La mujer y el niño se abrazaron: “Él es mi hijo, se llama Pancho, mi esposo tiene tres meses de haber muerto en un accidente vial. Tengo forma de comprobarlo”, dijo la mujer mientras mostraba fotos y acta de nacimiento.
Ya en la Procuraduría, aunque mostró el acta del Registro Civil, solo tenía fotos del niño a los cuatro años. Coincidieron con las que Alejandro mostró.
Después para confirmar le hicieron el ADN. Panchito era Ricardo. La mujer fue encarcelada. Pero ella era inocente, creyó que era hijo de su marido y con amor lo crió.
Y felices creyeron que habían recuperado a Ricardito. Dieron gracias a Dios. Estaban equivocados, porque para el niño ya de ocho años sus padres, a los que amaba, eran a quienes lo habían robado.
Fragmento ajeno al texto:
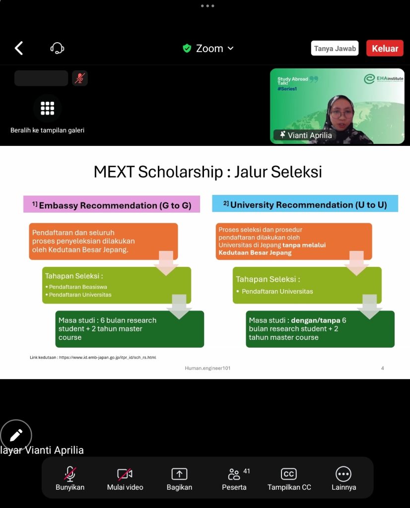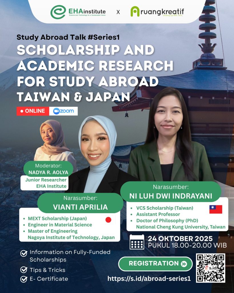 EHA Institute bersama Ruangkreatif sukses menyelenggarakan kegiatan Study Abroad Talk #Series1 pada Jumat, 24 Oktober 2025, secara daring melalui Zoom Meeting. Sesi perdana ini mengangkat tema “Scholarship and Academic Research for Study Abroad in Taiwan & Japan”, yang berfokus pada peluang beasiswa dan pengalaman riset akademik di dua negara tujuan studi populer di Asia, yaitu Jepang dan Taiwan.
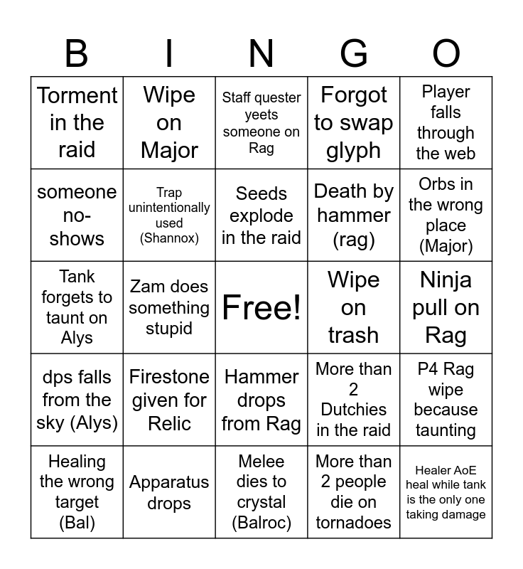 This bingo card has a free space and 34 words: Tank dies on trash, More than 2 people die on tornadoes, Wipe on Ryolith, More than 3 people die on Rag while dancing, dps falls from the sky (Alys), Trap unintentionally used (Shannox), Player falls through the web, Healing the wrong target (Bal), Wipe on Major, "Lets just clap it down on normal", Seeds explode in the raid, Staff quester yeets someone on Rag, 0 deaths Alyz, flame reaches hammer, Wipe on trash, Orbs in the wrong place (Major), Apparatus drops, Tank forgets to taunt on Alys, Firestone given for Relic, More than 2 Dutchies in the raid, Hammer drops from Rag, Mage fails cheese (Beth), Torment in the raid, Ninja pull on Rag, Melee dies to crystal (Balroc), Healer AoE heal while tank is the only one taking damage, Forgot to swap glyph, Death by lava wave (rag), Death by hammer (rag), someone no-shows, 1 shot Baleroc, Zam does something stupid, P4 Rag wipe because taunting and Someone dies on trash before rag.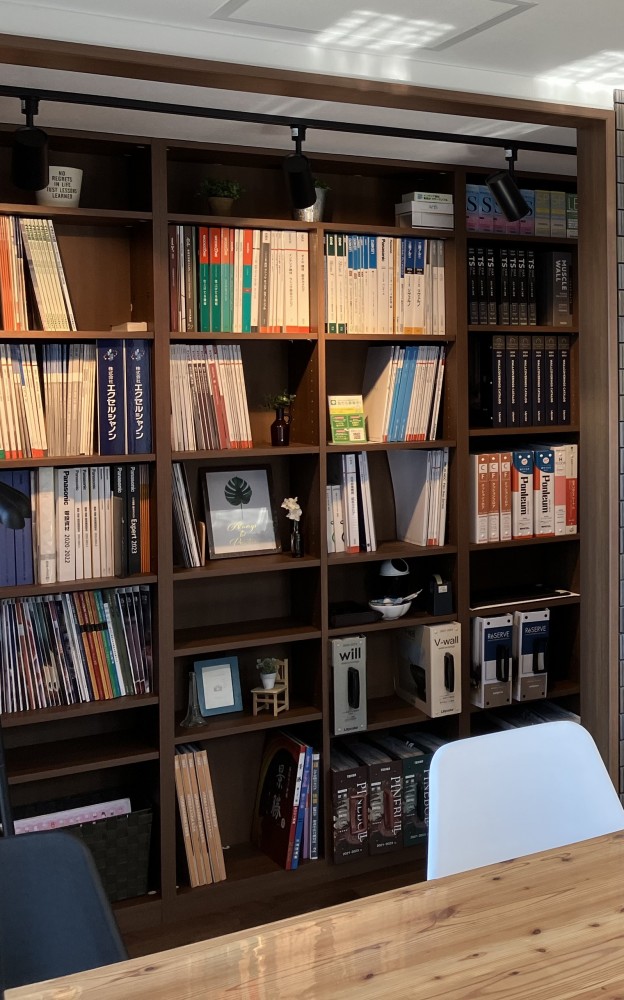 造り付けの本棚なので、地震等で倒れる心配もなく安心です。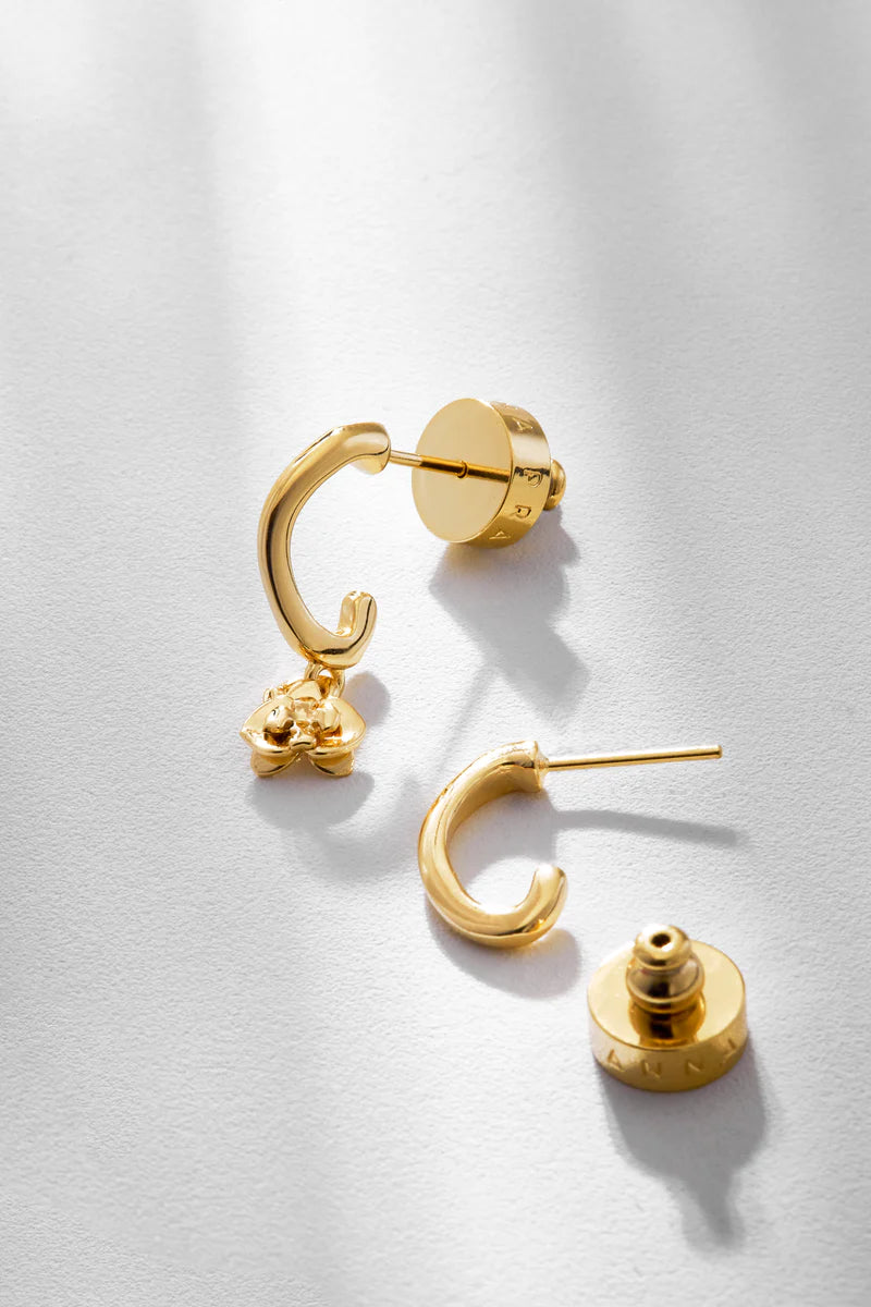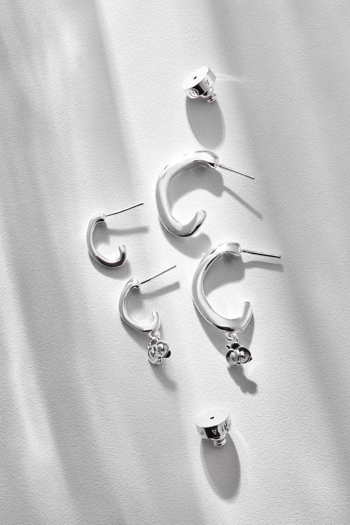 Sculptural and subtly bold, the Orla S Hoop is the small-yet-striking version of our signature Orla. With its fluid shape and removable floral charm, it gives you styling freedom, wear it as a clean hoop for everyday simplicity, or add the charm for a hint of movement and personality.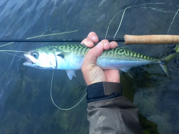 Første seriøse nap i var en fin størrelse makrel som må siges at være en ultra fighter på fluestangen. Den tog helt inde under land hvor den havde været på jagt i fiskestimerne.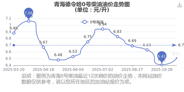 11月19日青海德令哈汽油柴油每升的价格为11月11日调整后的价格,具体如下:92号汽油6.9元;95号汽油7.39元;89号汽油6.47元;0号柴油6.51元。青海德令哈下一轮油价调整时间11月24日24时,距离现在还有5.3天。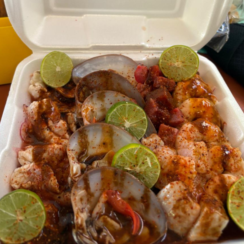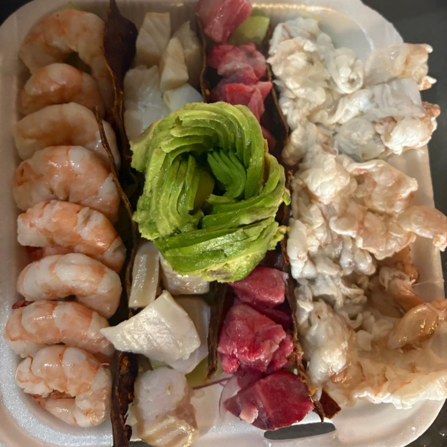 MARISCADA MIXTA DE 2-3 PERSONAS. 100 GRAMOS DE CAMARON COCIDO, 100 GRAMOS DE CAMARON AGUACHILE, 100 GRAMOS DE CALLO, 100 GRAMOS DE ATUN OPCION Y AGUACATE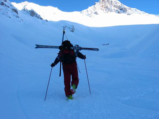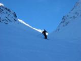 preko smučišča proti prvemu sedlu. Sneg je bil prekrasen cca 10 cm svežega na kar konkretno podlago, tako, da je bilo vse lepo zalito.Ob povratku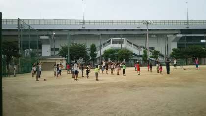 今朝のラジオ体操の風景です。今日もたくさんの子どもたちが集まってくれました。早朝はやや涼しかったですが、日中は暑くなりそうです(日中最高予想気温は36度)。子どもたちの日焼けがずいぶんと目立ち、夏休みらしくなってきましたが、引き続き水分補給と休憩をしっかりと取り、熱中症には注意しましょう。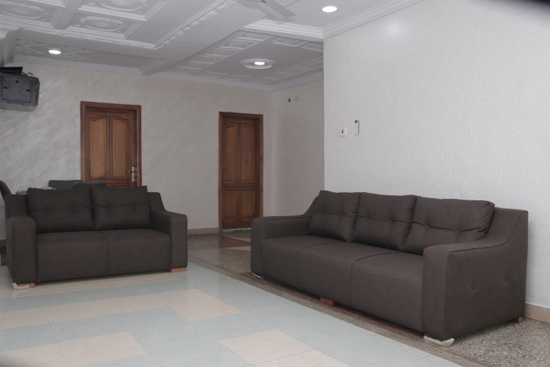 Have fun with the whole family at this serene stylish flat. This simple clean 3-bedroom suite in Kumasi, features a luxury 3 bathrooms, modern kumasi architecture, and prime location just 10 minutes from Kumasi Airport. Enjoy the convenience of private parking, free WiFi, a 55" Smart TV, and 3 smart TVs in all rooms, open kitchen and dining. With a backup power plant, professional team, and 24/7 strict security, your comfort is our priority.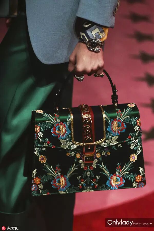 這一季的Sylvie手袋也將刺繡緞面花紋寫滿包身(也不奇怪),看來Alexssandro是想讓所有的包款都要“繡”一遍。所以如果你癡迷Gucci的刺繡,又鍾情Sylvie的款式,現在都可以滿足你了!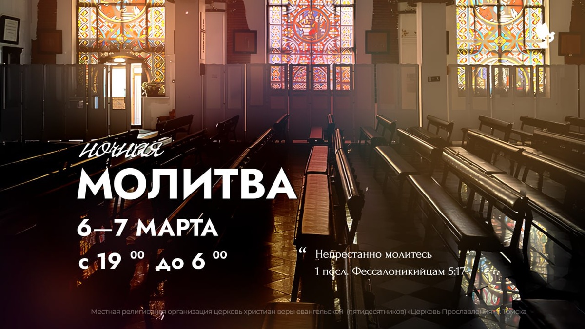 ! Обращаем ваше внимание на изменения в расписании: пятничные служения отменяются. НО возобновляются МОЛИТВЕННЫЕ СЛУЖЕНИЯ. Первое состоится уже завтра, в 19:00. И это будет особый вечер! Сразу после молитвенного служения мы начнем НОЧНУЮ МОЛИТВУ, которая продлится до утра. 🔔 Расписание на 6 марта: • 19:00 — Молитвенное служение • 22:00 — Начало ночной молитвы (до 6:00 7 марта) 📍Место: Храм, г. Томск, ул. Ивановского, 2а ✨Не пропустите время Божьего присутствия!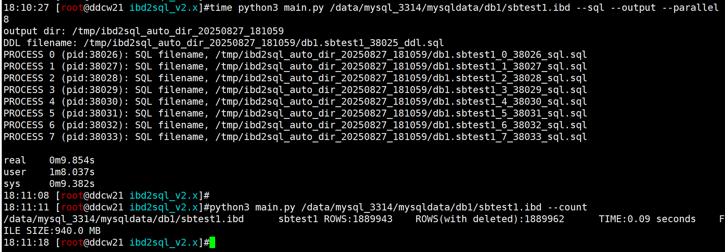 ibd2sql 2.x版本已经写好了(都TM写了1年了...),进入测试阶段了. 主要是优化了性能,扩展了支持范围,也支持解析多个文件,也支持并发.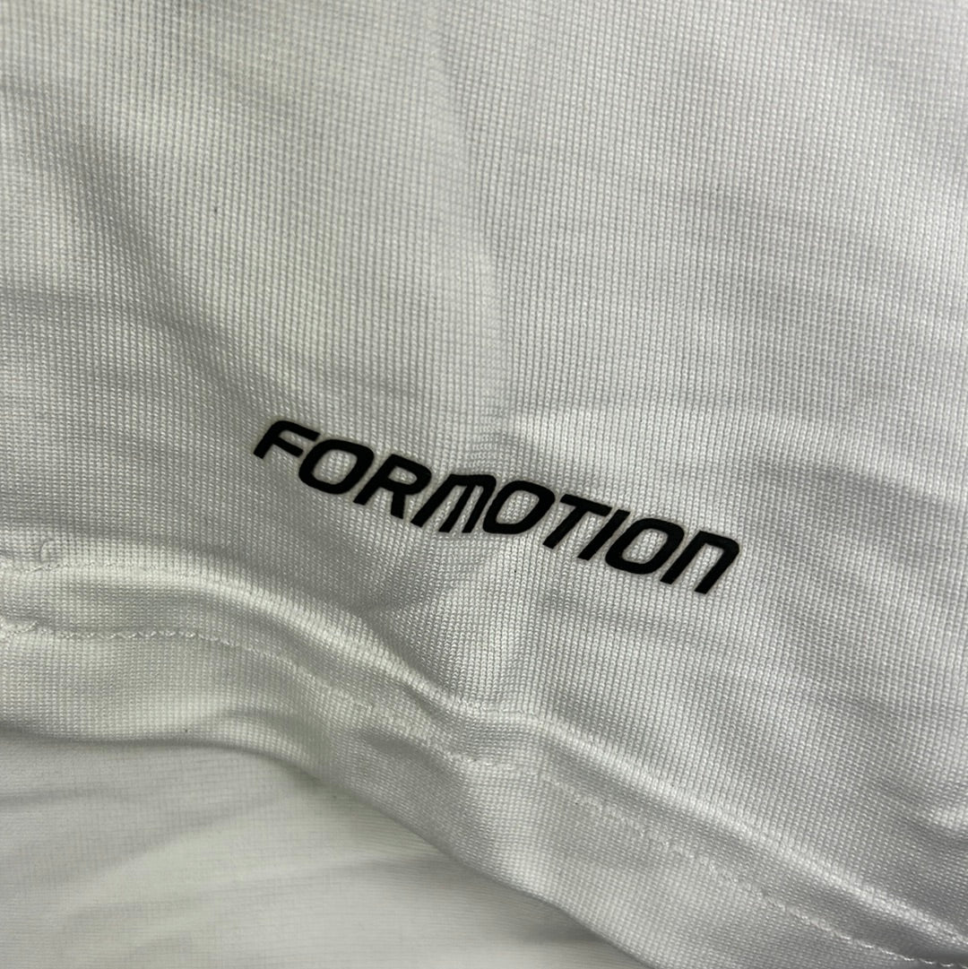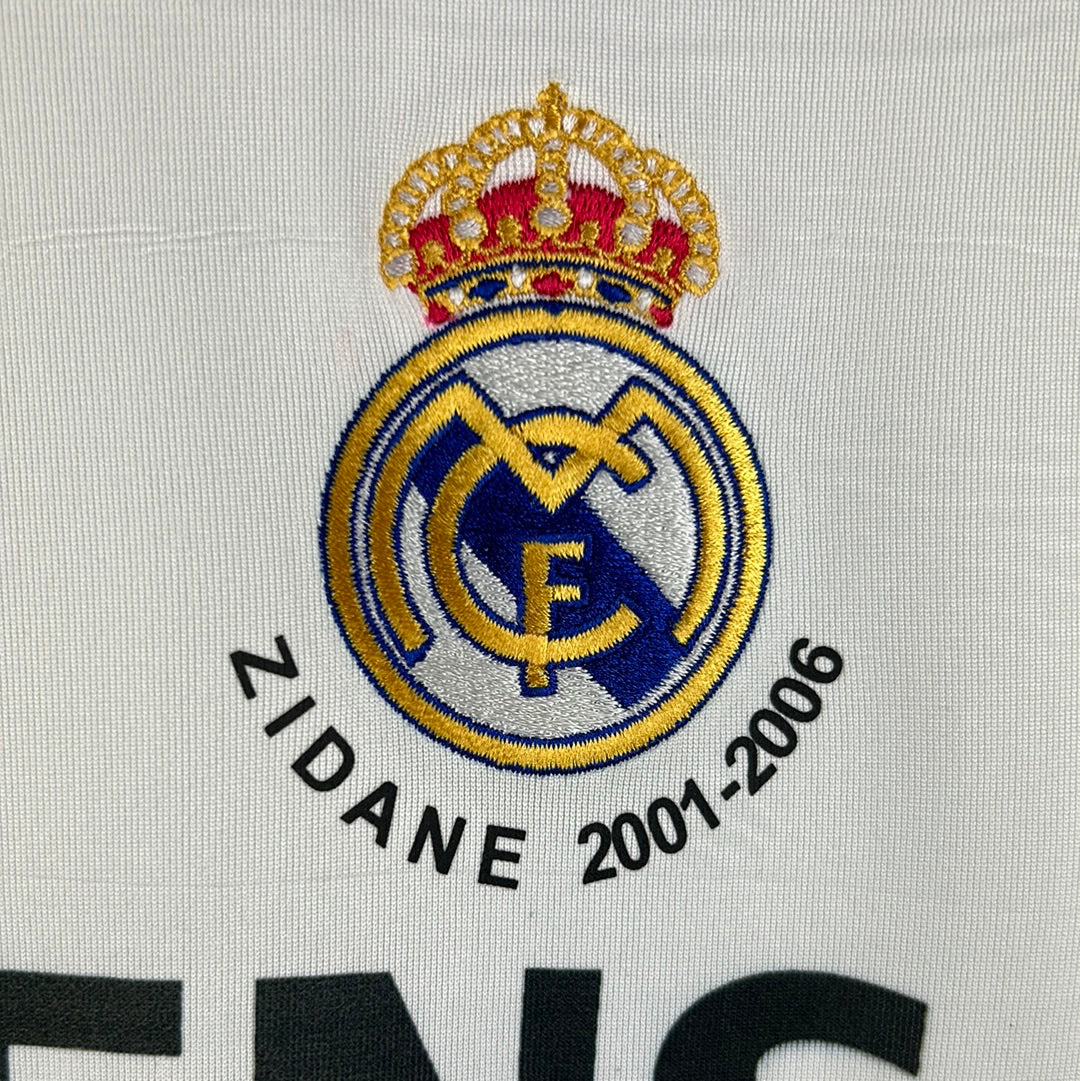 Player Issue Details: Original formation Adidas shirt, correct badges and prints. The Real Madrid badge is embroidered as is the Adidas badge. The 3 stripes on the sleeve are printed. Around the badge, there is a further print that says "ZIDANE 2001-2006". This is correct for Zidane's last match in 2006. The shirt also has a La Lig patch on one sleeve. This has some cracking, most likely caused by storage. There are no other marks or damage on the shirt. This is a collector's item player issue shirt.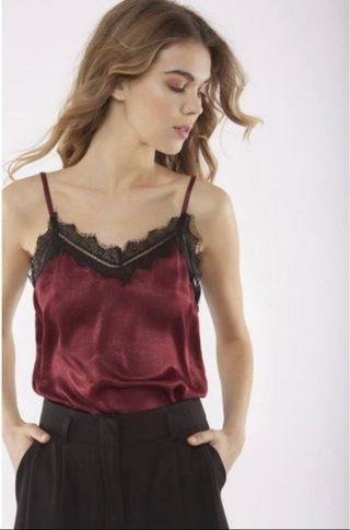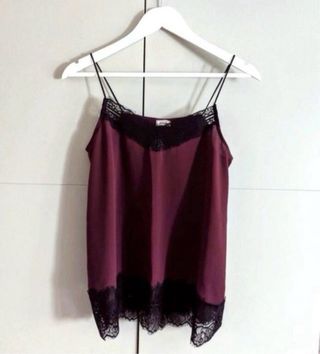 Top de Zara con detalles de encaje. - Tejido satinado. - Tirantes finos. - Ribete de encaje en escote y bajo.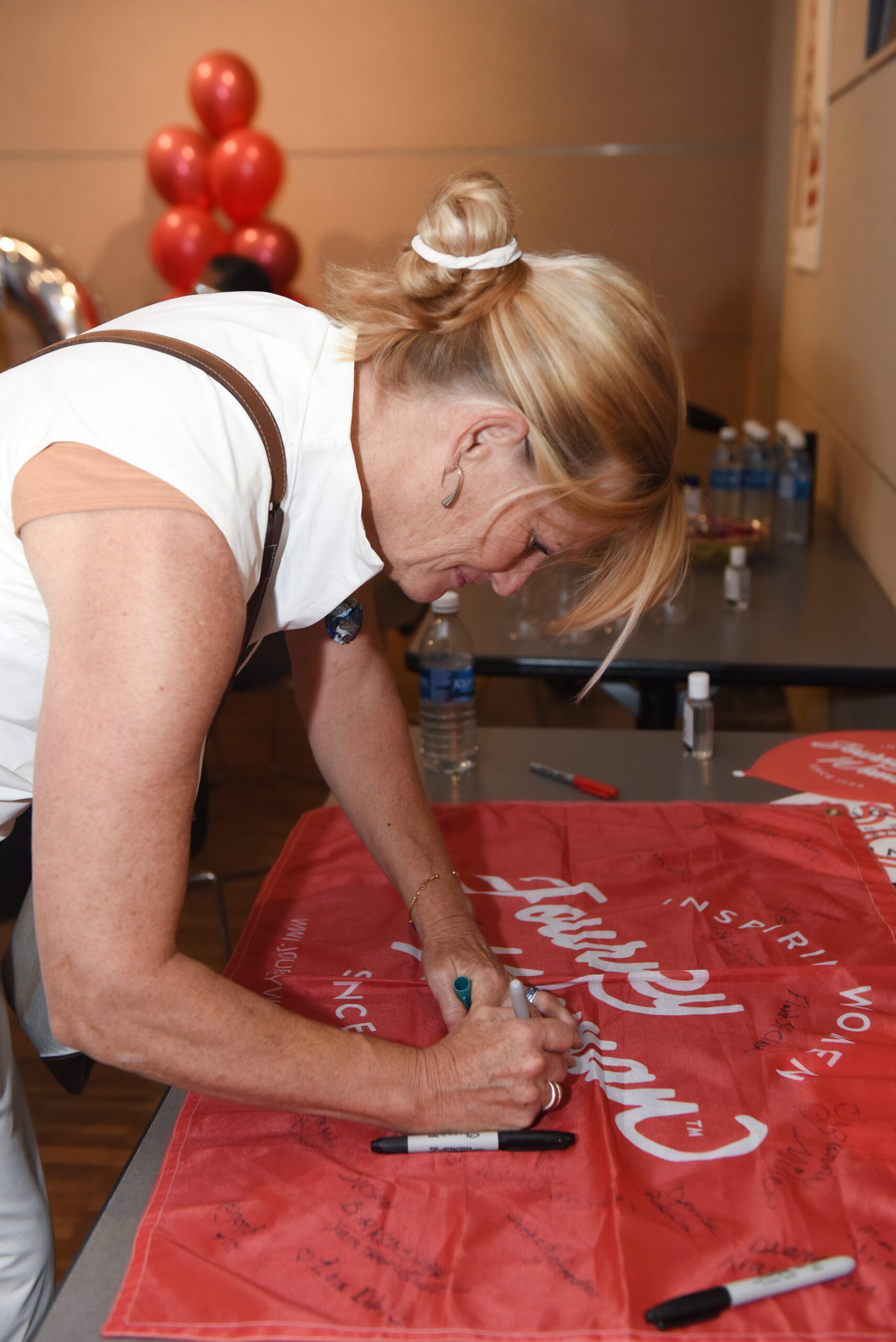 Libby Wildman signing the JourneyWoman flag/ Photo credit Camilla Pucholt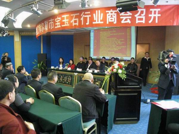 2009年3月18日上午,新疆庫爾勒市寶玉石行業商會成立大會在新疆庫爾勒銀星大酒店隆重舉行。會議同時舉行了揭牌儀式并通過了《庫爾勒寶玉石行業商會章程》及會徽,與會代表選舉產生了庫爾勒市寶玉石行業商會會長向秀明、秘書長陳曉鳴(兼常務副會長)、常務副會長侯留成、黃江等13名機構成員。

No eran felices, el niño los rechazaba y lloraba por su mamá. Alejandro y Laura lloraban también, porque lamentaban que por su edad, su hijo no comprendiera lo que había sucedido. Peor aún, que los negara como padres.
Tuvieron que recurrir a ayuda psicológica. El alivio se dio poco a poco. Cuando doña Rosa salió de la cárcel llevaron a Ricardito a que la viera y la mujer, abrazándolo, le contó la verdad a quien le había llamado “Pancho” y fue hasta entonces que Ricardo comprendió la verdad.
Triste, pero es muy cierto el refrán popular que dice: padres no son los que engendran, sino los que crían... aunque el “hijo” fuera robado.